For #1: I've made the file read encoding-agnostic simply by opening and reading the files in binary mode. To convert the data to a string I use a loop which runs through a list of 'likely' encodings and tries each of them in turn (with error='strict') until it hits one that doesn't throw an exception. This is working.

For #2: Once I've got the decoded string I just call the set() method for the Tkinter Label's textvariable. This is also working.

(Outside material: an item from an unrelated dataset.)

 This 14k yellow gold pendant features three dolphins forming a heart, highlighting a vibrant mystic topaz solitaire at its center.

For #3: I'm opening an output file in the usual way and calling the write() method to write the decoded string. This works when the string was decoded as ascii or cp1252, but when it's decoded as utf-8 it throws an exception:

'charmap' codec can't encode characters in position 0-3: character maps to <undefined>

I've searched around and found fairly similar questions but nothing that seems to address this specific problem. Some further complications that restrict the solutions that will work for me:

A. I can sidestep the problem just by leaving the read-in data as bytes and opening/writing the output file as binary, but this renders some of the input file contents unreadable.

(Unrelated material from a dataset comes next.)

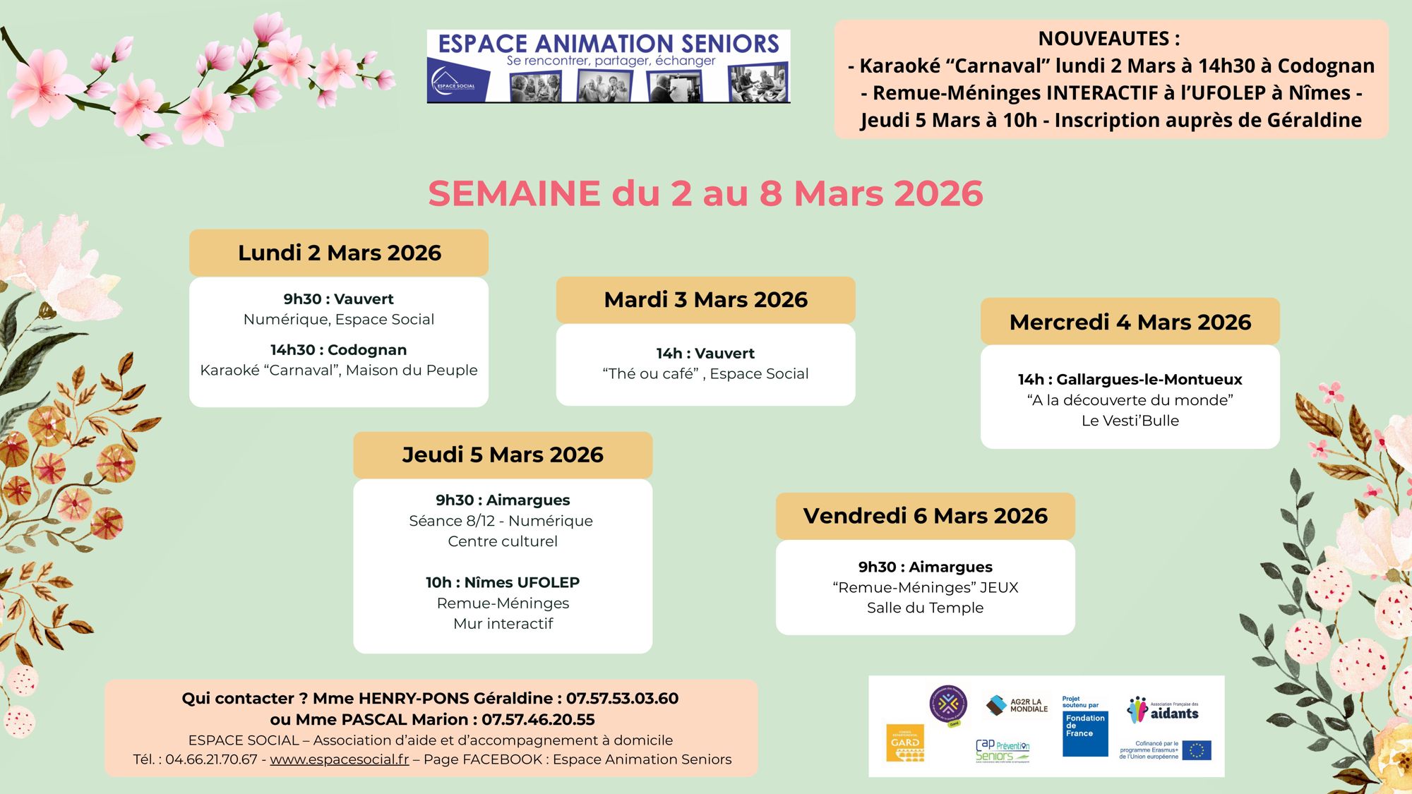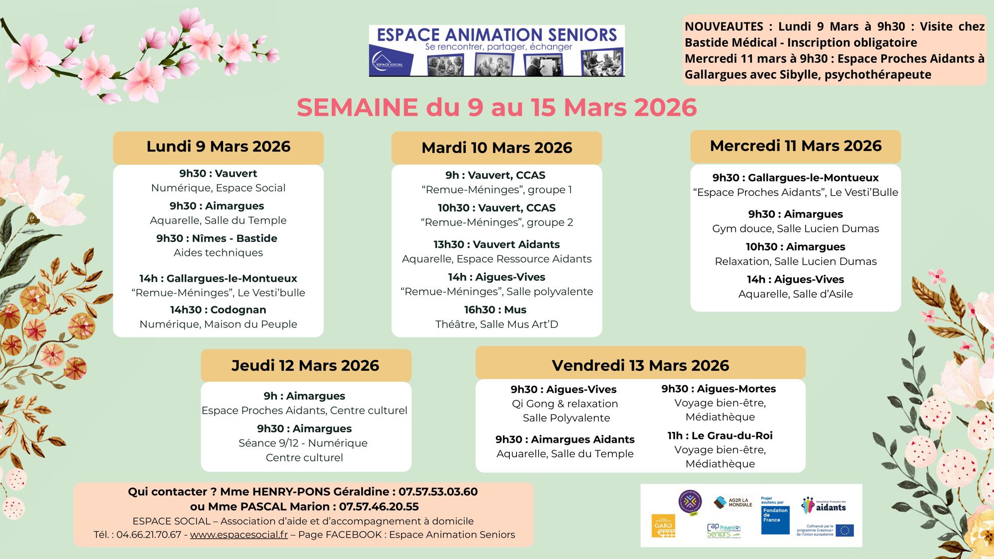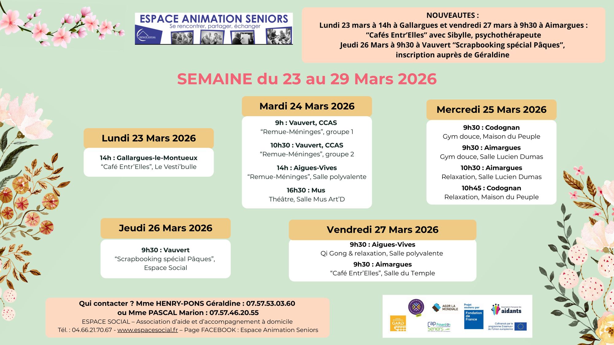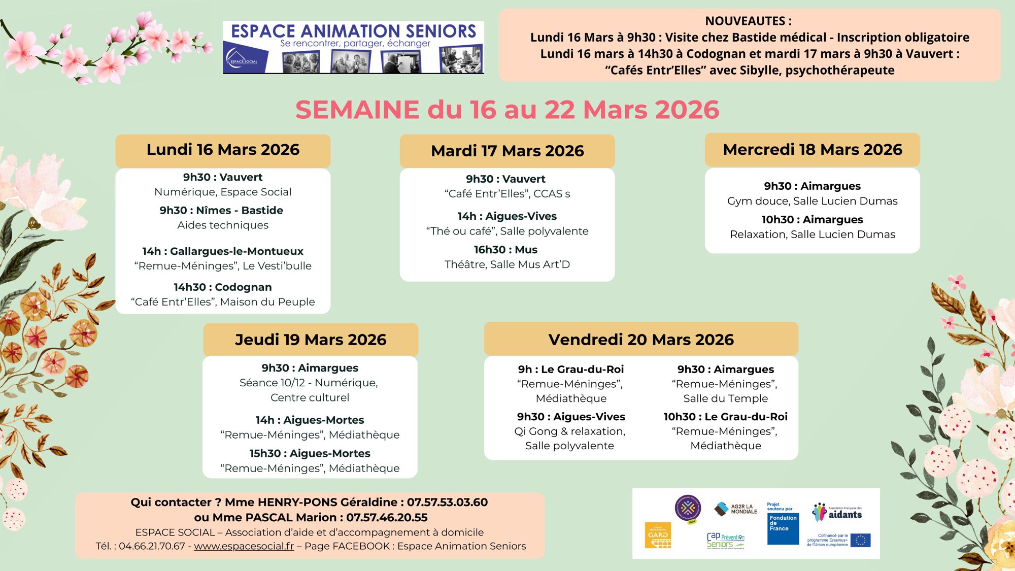 ESPACE SOCIAL organise des actions collectives avec les partenaires locaux (mairies, CCAS, CMS…) sur différentes communes : Le Grau-du-Roi, Aigues-Mortes, Saint-Laurent-d’Aigouze, Aimargues, Le Cailar, Gallargues-le-Montueux. Aigues-Vives, Mus, Codognan et Vauvert (Planning en téléchargement en bas de page).

B. Although this app is mainly intended for Python 3, I'm trying to make it cross-compatible with Python 2 -- we have some slow/late adopters who will be using it. (BTW, when I run the app on Python 2 it also throws exceptions but does so for both the cp1252 data and the utf-8 data.)

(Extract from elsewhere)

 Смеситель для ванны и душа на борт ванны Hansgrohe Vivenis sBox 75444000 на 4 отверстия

For the sake of illustrating the issue, I've created this stripped-down test script. (My real application is a much larger project, and it's also proprietary to my company -- so it's not getting posted publicly!)

import tkinter as tk
import codecs

#Root window
root = tk.Tk()

#Widgets
ctrlViewFile1 = tk.StringVar()
ctrlViewFile2 = tk.StringVar()
ctrlViewFile3 = tk.StringVar()
lblViewFile1 = tk.Label(root, relief=tk.SUNKEN,
                        justify=tk.LEFT, anchor=tk.NW,
                        width=10, height=3,
                        textvariable=ctrlViewFile1)
lblViewFile2 = tk.Label(root, relief=tk.SUNKEN,
                        justify=tk.LEFT, anchor=tk.NW,
                        width=10, height=3,
                        textvariable=ctrlViewFile2)
lblViewFile3  = tk.Label(root, relief=tk.SUNKEN,
                         justify=tk.LEFT, anchor=tk.NW,
                         width=10, height=3,
                         textvariable=ctrlViewFile3)

#Layout
lblViewFile1.grid(row=0,column=0,padx=5,pady=5)
lblViewFile2.grid(row=1,column=0,padx=5,pady=5)
lblViewFile3.grid(row=2,column=0,padx=5,pady=5)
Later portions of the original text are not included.